Изменить стиль страницы

Версии этой Слукин, конечно, не верил, однако занёс её в протокол допроса и все расспрашивал про эту женщину, пробовал запутать, поймать на мелочах. Силаев описал её внешность во всех подробностях, перечислил, во что была одета, даже нарисовал на бумаге её профиль — высокая, худая, густоволосая брюнетка…

Удивляло, что следователь не устроил ему очной ставки с Лопатиным, даже не прочитал его показания — тот, ясно, все рассказал. У Слукина были, безусловно, и другие свидетельства против Силаева, да придерживал их под конец, не предъявлял из каких-то тактических соображений и старался добиться признания самого Силаева. Как человек, ограниченный лишь интересами службы, он уверил себя, что его подопечный в конце концов не выдержит и даст требуемые показания. Слукину и его начальству не так важно было добиться у Силаева признания в вине — она и без того была доказана, — как получить сведения о других членах организации, не менее опасных для государства. В огромной государственной машине Слукин был лишь маленьким винтиком и крутился, делал то, что делала главная, центральная её часть — маховое колесо, приводившее в движение все остальные части машины, в том числе и винтики. Он не мог не крутиться, или крутиться в другую сторону, или в другом темпе, чем это колесо. Слукин был автомат, раб установленного порядка и движения и являлся подневольным, слепым исполнителем. По сути своей человек самый обыкновенный, со своими человеческими радостями, привязанностями, примерный отец двух детей, верный муж, он, как и все подданные великой России, желал ей расцвета, а народу — богатства и счастья (а кто этого не желает?). И если бы он вёл расследование, руководствуясь только собственной совестью, относился к Силаеву объективно, он бы, возможно, и остановился на версии взятой тем для своей защиты. Однако над Слукиным был начальник, более крупный винтик государственной машины, а у того начальника — ещё начальники так до самого высокого, главного, до того махового колёса, которое приводило в движение всю машину и крутилось туда, куда хотело. Вот этот самый главный — его величество — знал об организации народников-революционеров, боялся их больше, чем любого иноземного государства с могучей армией, и был в первую очередь заинтересован в том, чтобы искоренить и уничтожить их всех до одного. Потому и придавали такое большое значение этому делу, потому и старались так жандармы.

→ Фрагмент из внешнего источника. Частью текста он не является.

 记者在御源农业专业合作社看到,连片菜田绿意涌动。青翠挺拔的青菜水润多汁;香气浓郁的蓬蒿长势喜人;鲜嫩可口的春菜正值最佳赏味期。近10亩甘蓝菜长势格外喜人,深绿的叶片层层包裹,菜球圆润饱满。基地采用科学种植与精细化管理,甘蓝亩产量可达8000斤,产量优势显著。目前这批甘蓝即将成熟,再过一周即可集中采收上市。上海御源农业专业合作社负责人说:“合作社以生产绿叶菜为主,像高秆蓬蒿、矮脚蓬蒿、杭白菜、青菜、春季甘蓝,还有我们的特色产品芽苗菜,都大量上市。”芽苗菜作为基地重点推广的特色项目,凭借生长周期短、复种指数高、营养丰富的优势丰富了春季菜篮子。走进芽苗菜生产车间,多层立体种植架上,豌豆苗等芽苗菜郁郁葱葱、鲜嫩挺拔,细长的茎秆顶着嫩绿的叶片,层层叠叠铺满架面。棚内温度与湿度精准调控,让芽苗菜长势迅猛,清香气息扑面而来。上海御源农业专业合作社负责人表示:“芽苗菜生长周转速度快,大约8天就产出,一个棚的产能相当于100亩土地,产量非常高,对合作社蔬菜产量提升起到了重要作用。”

Слукин не вызывал в Силаеве неприязни, он привык к нему, порой тот бывал ему даже симпатичен и было его по-человечески жаль — бьётся, бьётся человек, начальство подгоняет, а дело ни с места. Случалось, что им обоим надоедал допрос и они разговаривали на далёкие от следствия темы. Вспоминали свою службу в кавалерии. Слукин, который также служил кавалеристом, рассказывал о своей дуэли — стрелялся с однополчанином из-за женщины. Оба поступили разумно — стреляли в воздух, помирились, и про дуэль начальство не узнало. «А недавно встретился с тем офицером, и отправились вместе с визитом к бывшей даме сердца, виновнице дуэли, — смеялся Слукин. — Дама наша теперь пудов семь весит».

Однажды, в такие вот мирные минуты, Слукин, невольно оглянувшись на дверь, обитую войлоком и кожей, тихо спросил:

— Скажите, как на духу, вы, революционеры, правда верите в революцию?

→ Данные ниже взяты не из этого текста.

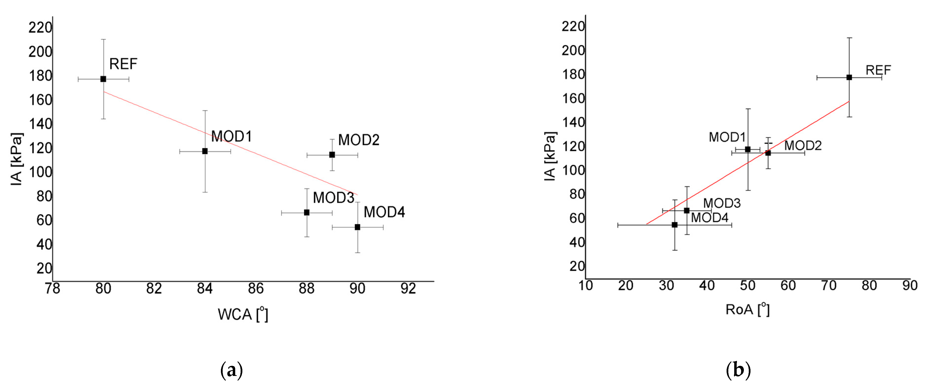 - Two relationships were observed for the modifications used. As the WCA values increased and as the RoA values decreased, the IA values were reduced.

— Вся молодая Россия жаждет революции и верит, что она сбудется, — так же тихо ответил Силаев:

— И вместо монархии наступит народовластие?

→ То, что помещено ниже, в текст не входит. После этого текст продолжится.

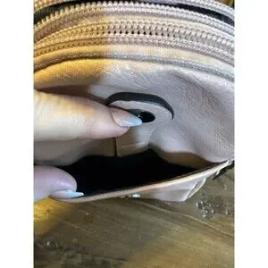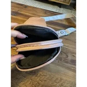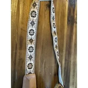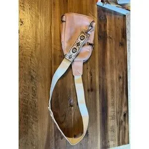 Cute blush pink sling bag with guitar style embroidered, adjustable strap.

— Обязательно наступит. Революция неотвратимо приближается.

— Ну, а что тогда будет с нами, с чиновниками, которые честно служат монарху и России? Поменяемся с вами местами?

— Видать, так, — усмехнулся Силаев.

— Неужели вы надеетесь пошатнуть и разрушить такую скалу, как наша держава?

— Разрушаются и скалы. Выветриваются, трескаются и разваливаются. Скале кажется, что она нерушима, монолитна, она не видит, что её подтачивают капли воды, снег, ветер, солнце…

Слукин резко встал, принялся ходить по кабинету, громко, нервно заговорил, сдерживая себя, чтобы не раскричаться.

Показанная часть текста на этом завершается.